At stake is the ability of more than 177,000 Virginians to keep an annual average of $3,048 in financial assistance they are already receiving, and the ability of up to 495,000 future customers on the exchange to access that financial assistance. The case threatening this important health care affordability assistance, Halbig v. Burwell,is scheduled for argument on December 17, 2014, before the full en banc United States Court of Appeals for the District of Columbia Circuit. Attorney General Herring has already helped successfully defend Virginians’ access to this assistance in an identical case in the U.S. Court of Appeals for the Fourth Circuit which covers Virginia.
“No matter how you feel about the Affordable Care Act, its discounts make it possible for hundreds of thousands of Virginians to purchase their own private health insurance-and we can’t let a lawsuit from outside the state disrupt our right to those subsidies,” said Attorney General Mark Herring. “We’re talking about reducing monthly premiums from $758 to $280 for a family of four with an income of $50,000. That’s the difference between affordable health care and no health care for many families. Just because Virginia didn’t set up its own exchange doesn’t mean our people should suffer because of a lawsuit that’s trying to score political points.”
Of the more than 216,000 Virginians who have already purchased plans on Virginia’s exchange, 117,000 are women and approximately 82% have received financial assistance. The U.S. Department of Health and Human Services estimates that up to 495,000 Virginians may be eligible for some level of assistance, averaging $2,900 per year, and totaling up to $1.02 billion annually.
Thirty-four states currently use a federally-facilitated exchange, and in 2016 alone, The Urban Institute estimates that 7.3 million Americans in those states are expected to be eligible to receive premium-assistance tax credits totaling $36.2 billion. Attorney General Herring is leading the states’ effort to defend these discounts nationwide.

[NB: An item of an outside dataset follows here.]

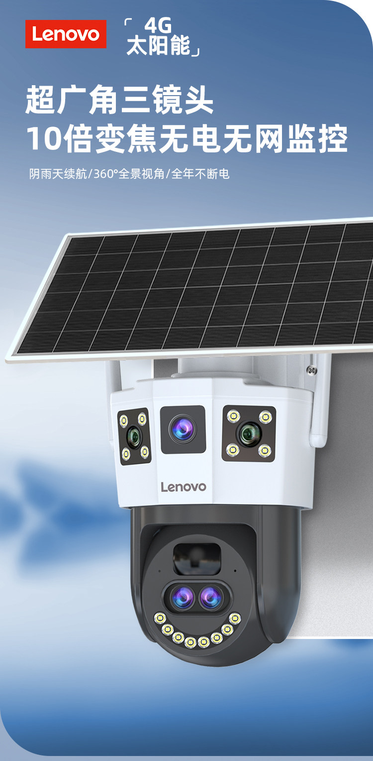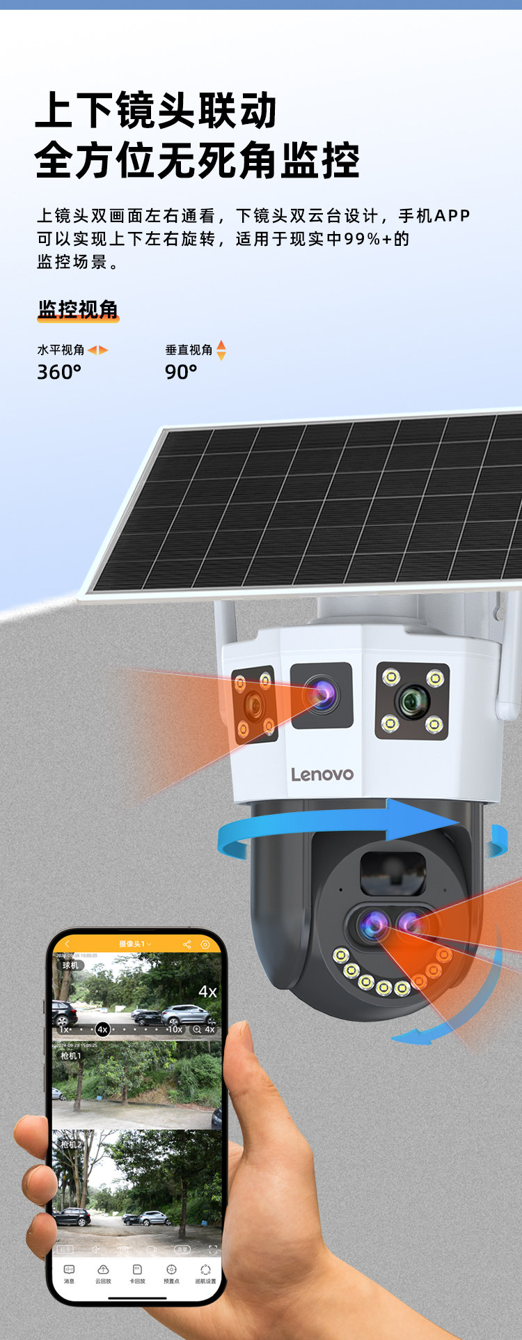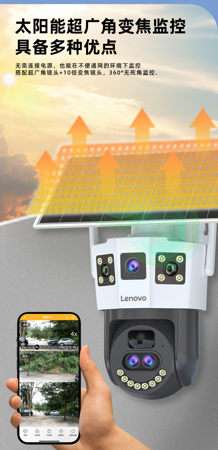 Lenovo – caméra solaire 360 degrés, sans Angle mort, sans Internet, téléphone portable, Vision nocturne extérieure à distance, moniteur 4G

The plaintiffs in this case claim that only Americans who purchase health care plans through state health insurance exchanges are eligible for premium assistance. This novel interpretation, does not reflect the full language, context, legislative history, or legislative intent of the Affordable Care Act, and if applied to Virginia, it would make otherwise qualified Virginians ineligible for financial assistance because Virginia uses a federally-facilitated exchange.
In supplementing arguments that will be made by the Department of Health and Human Services, Virginia’s brief strongly argues that the plaintiffs’ claim should be rejected because the states were not provided any notice, as would have been required, that their citizens would be so dramatically punished if they chose to utilize a federally-facilitated exchange rather than constructing their own.

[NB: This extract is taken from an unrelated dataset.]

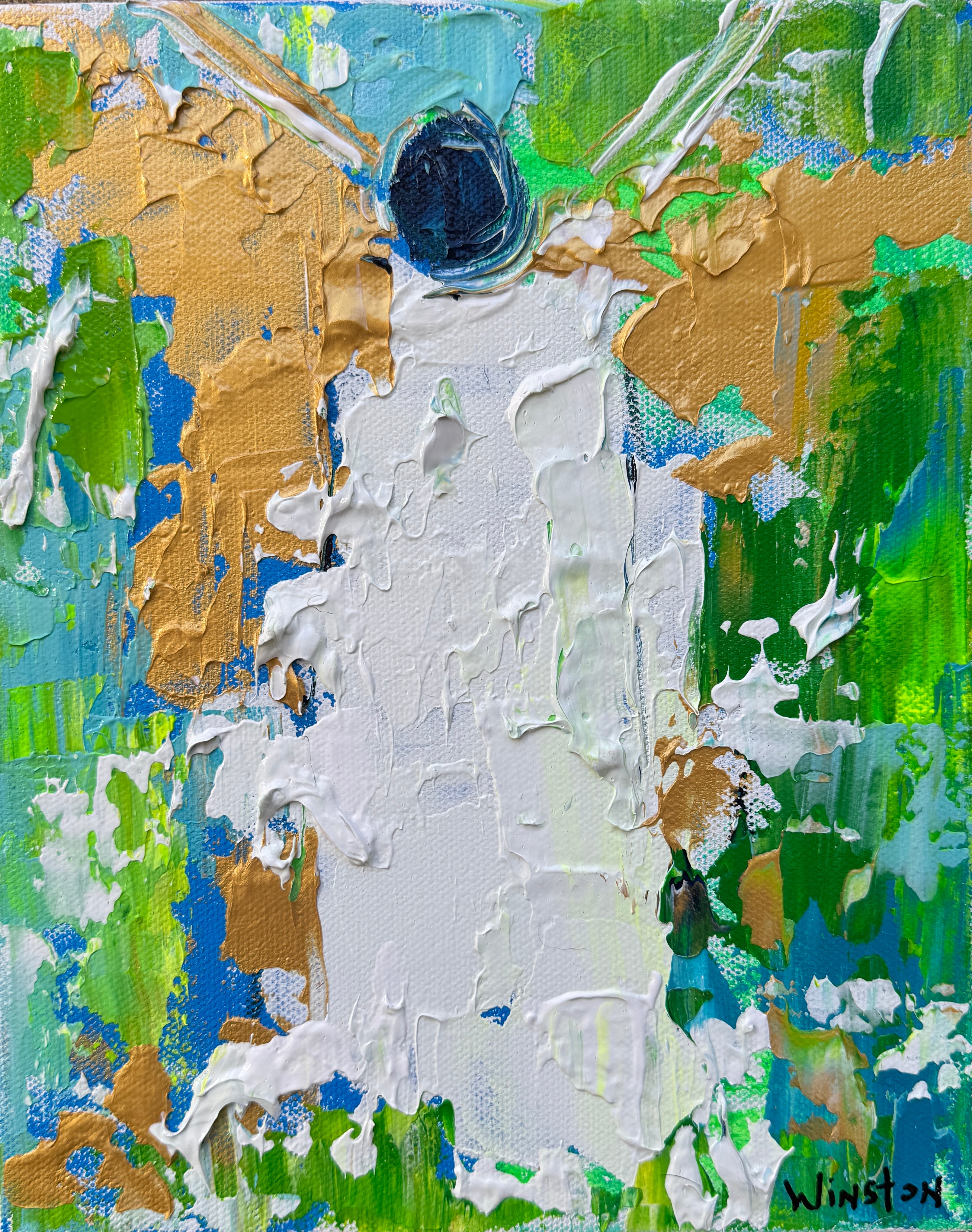 Winston Wiant is originally from Amelia Island, Florida, and full of southern charm. She brings her whimsical and witty delight to each and every painting. Having painted since childhood, she received a Bachelor of Arts degree in Studio Art at Brenau University and has been pursuing her love of art ever since. Her paintings are full of texture, using the palette knife and free brushstrokes to layer the paint, creating one energetic piece after another. She lives in Athens, GA, with her husband and two daughters and paints in her home studio. “Art to me is a form of self-expression. The way I feel that day reflects in my work. My love of bold color and texture is both distinctive and captivating.”

In early July, a three-judge panel of the D.C. Circuit, in a split decision, struck down the federal subsidies. On the same day, however, in an identical case out of Virginia, King v. Burwell, a three-judge panel of the Fourth Circuit ruled unanimously that customers of a federally-facilitated exchange were eligible for financial assistance. TheCommonwealth filed a similar brief defending Virginians’ access to affordable health care in King and participated in oral argument.
This is the first multi-state amicus brief led by Attorney General Herring. The other states that have signed on are Arkansas, California, Delaware, Hawaii, Illinois, Iowa, Maine, Maryland, Mississippi, New Hampshire, New Mexico, New York, North Carolina, Oregon, Pennsylvania, Vermont, and Washington.